[What to produce]: Starting with the line with "また、立礼席では、色紙に「天" in the entries below and going on through the line with "คาดเงินสะพัดกว่า 10 ล้านบาทในพื้นที่", output every line exactly and nothing more. No pictures.

#### Material provided

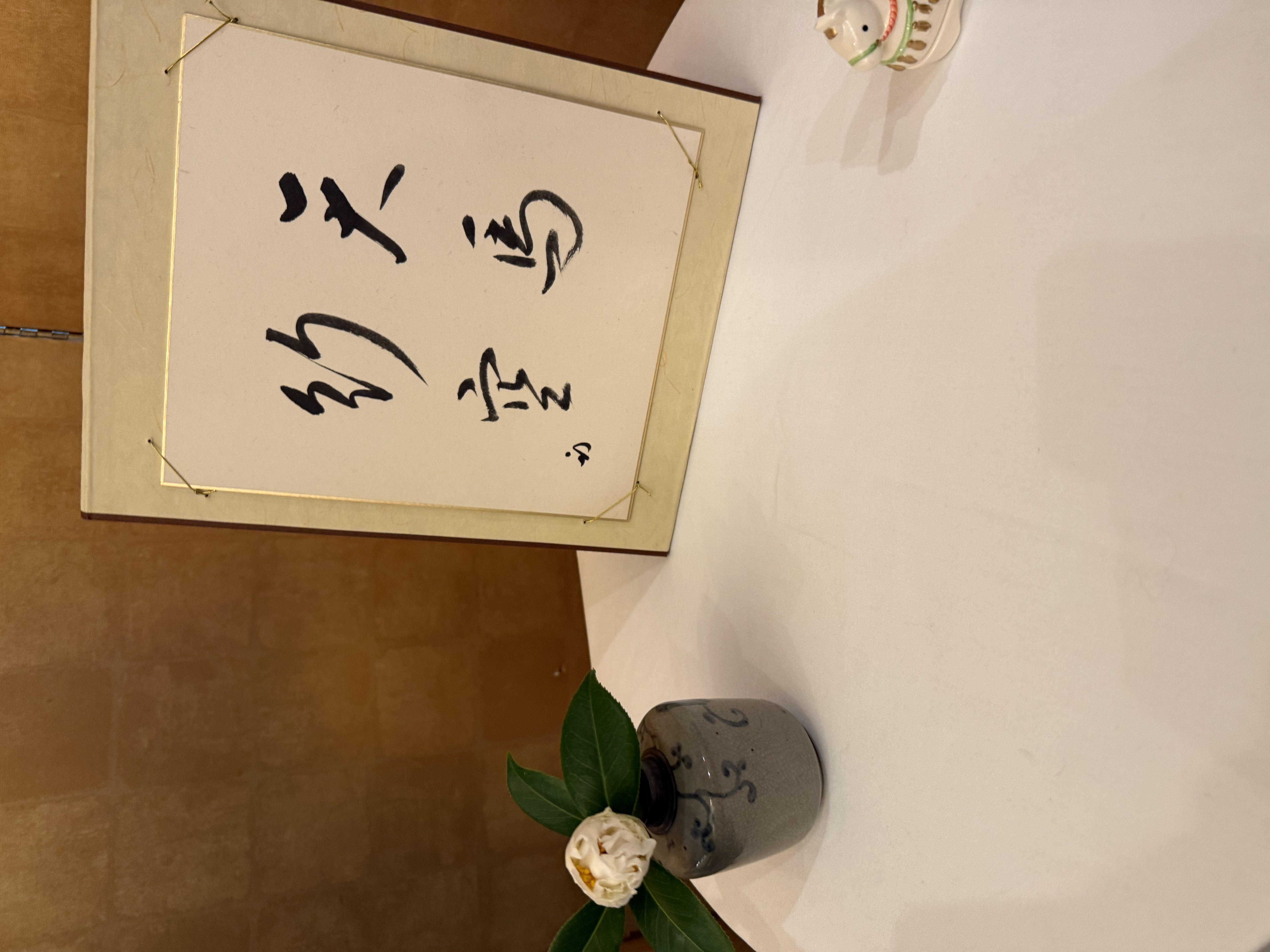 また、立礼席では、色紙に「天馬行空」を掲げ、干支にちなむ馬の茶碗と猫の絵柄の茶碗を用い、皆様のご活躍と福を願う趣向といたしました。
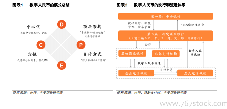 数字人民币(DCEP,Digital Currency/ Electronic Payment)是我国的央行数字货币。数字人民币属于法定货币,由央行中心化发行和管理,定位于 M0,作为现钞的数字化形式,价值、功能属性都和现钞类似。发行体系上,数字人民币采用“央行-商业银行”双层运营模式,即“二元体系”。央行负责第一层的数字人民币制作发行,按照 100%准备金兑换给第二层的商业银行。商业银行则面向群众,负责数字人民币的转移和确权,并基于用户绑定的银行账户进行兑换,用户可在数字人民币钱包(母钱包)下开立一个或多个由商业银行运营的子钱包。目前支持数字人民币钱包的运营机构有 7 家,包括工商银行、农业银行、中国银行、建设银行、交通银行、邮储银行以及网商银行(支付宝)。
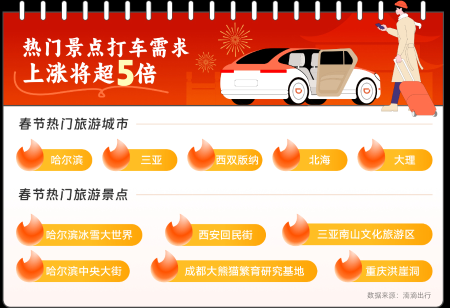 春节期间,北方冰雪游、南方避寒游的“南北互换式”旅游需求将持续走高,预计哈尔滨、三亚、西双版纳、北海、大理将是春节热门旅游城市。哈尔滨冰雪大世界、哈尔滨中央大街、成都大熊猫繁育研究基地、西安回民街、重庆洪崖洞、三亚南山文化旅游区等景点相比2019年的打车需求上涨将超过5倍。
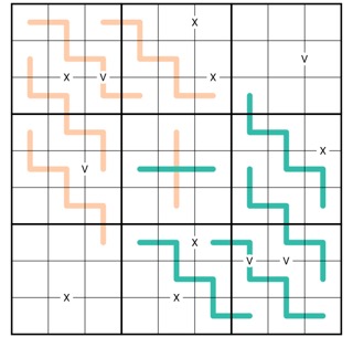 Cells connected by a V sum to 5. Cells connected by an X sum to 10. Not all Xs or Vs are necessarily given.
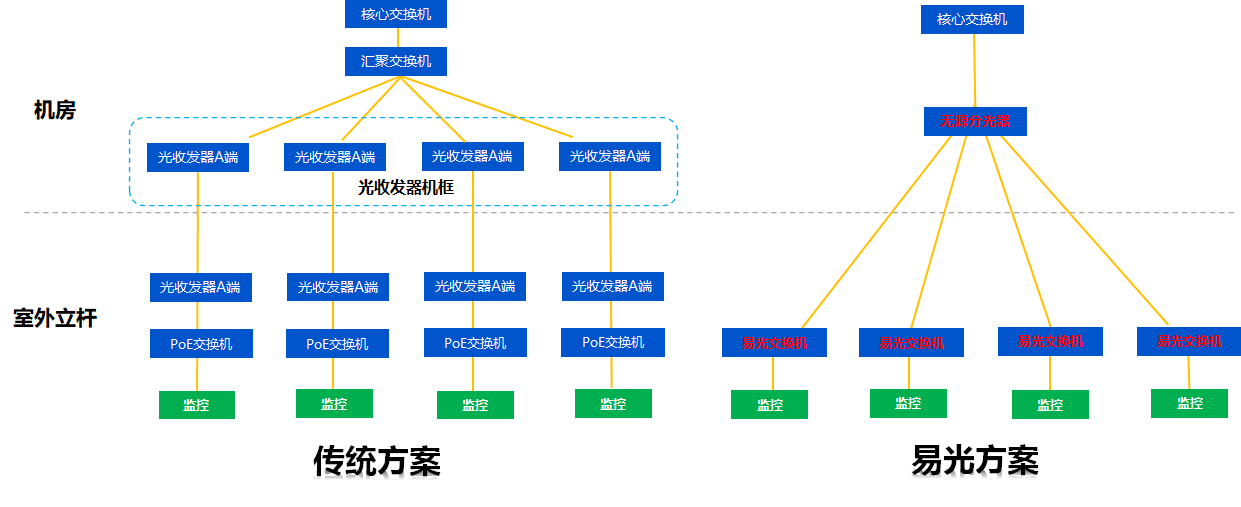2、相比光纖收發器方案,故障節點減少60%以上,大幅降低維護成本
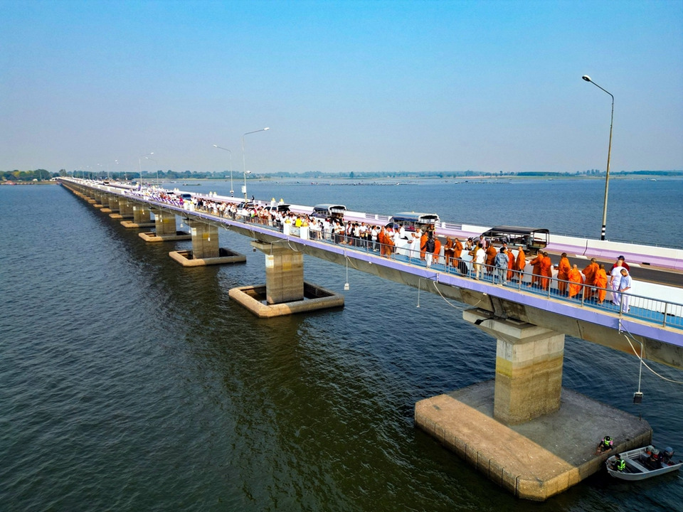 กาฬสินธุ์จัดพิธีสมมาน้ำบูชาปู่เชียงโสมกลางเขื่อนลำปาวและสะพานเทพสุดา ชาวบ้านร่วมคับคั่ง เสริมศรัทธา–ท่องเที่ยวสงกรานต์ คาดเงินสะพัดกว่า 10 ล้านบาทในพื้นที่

########
#### Material provided

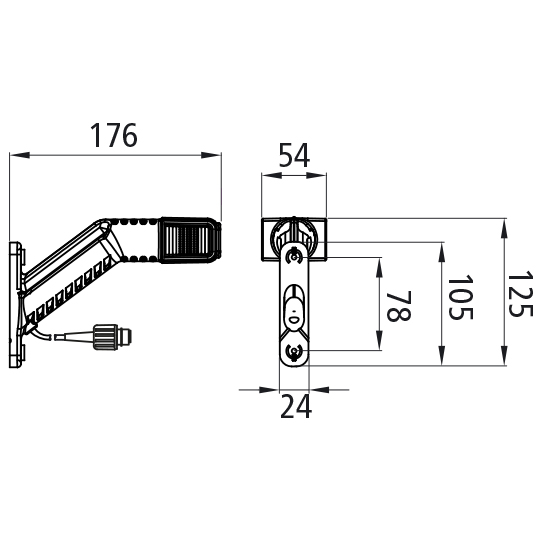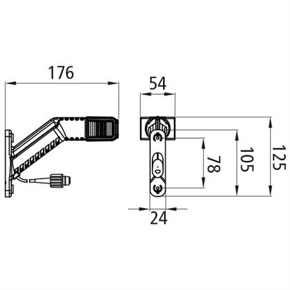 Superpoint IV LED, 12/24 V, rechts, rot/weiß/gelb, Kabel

########

[Response]:
 また、立礼席では、色紙に「天馬行空」を掲げ、干支にちなむ馬の茶碗と猫の絵柄の茶碗を用い、皆様のご活躍と福を願う趣向といたしました。
 数字人民币(DCEP,Digital Currency/ Electronic Payment)是我国的央行数字货币。数字人民币属于法定货币,由央行中心化发行和管理,定位于 M0,作为现钞的数字化形式,价值、功能属性都和现钞类似。发行体系上,数字人民币采用“央行-商业银行”双层运营模式,即“二元体系”。央行负责第一层的数字人民币制作发行,按照 100%准备金兑换给第二层的商业银行。商业银行则面向群众,负责数字人民币的转移和确权,并基于用户绑定的银行账户进行兑换,用户可在数字人民币钱包(母钱包)下开立一个或多个由商业银行运营的子钱包。目前支持数字人民币钱包的运营机构有 7 家,包括工商银行、农业银行、中国银行、建设银行、交通银行、邮储银行以及网商银行(支付宝)。
 春节期间,北方冰雪游、南方避寒游的“南北互换式”旅游需求将持续走高,预计哈尔滨、三亚、西双版纳、北海、大理将是春节热门旅游城市。哈尔滨冰雪大世界、哈尔滨中央大街、成都大熊猫繁育研究基地、西安回民街、重庆洪崖洞、三亚南山文化旅游区等景点相比2019年的打车需求上涨将超过5倍。
 Cells connected by a V sum to 5. Cells connected by an X sum to 10. Not all Xs or Vs are necessarily given.
2、相比光纖收發器方案,故障節點減少60%以上,大幅降低維護成本
 กาฬสินธุ์จัดพิธีสมมาน้ำบูชาปู่เชียงโสมกลางเขื่อนลำปาวและสะพานเทพสุดา ชาวบ้านร่วมคับคั่ง เสริมศรัทธา–ท่องเที่ยวสงกรานต์ คาดเงินสะพัดกว่า 10 ล้านบาทในพื้นที่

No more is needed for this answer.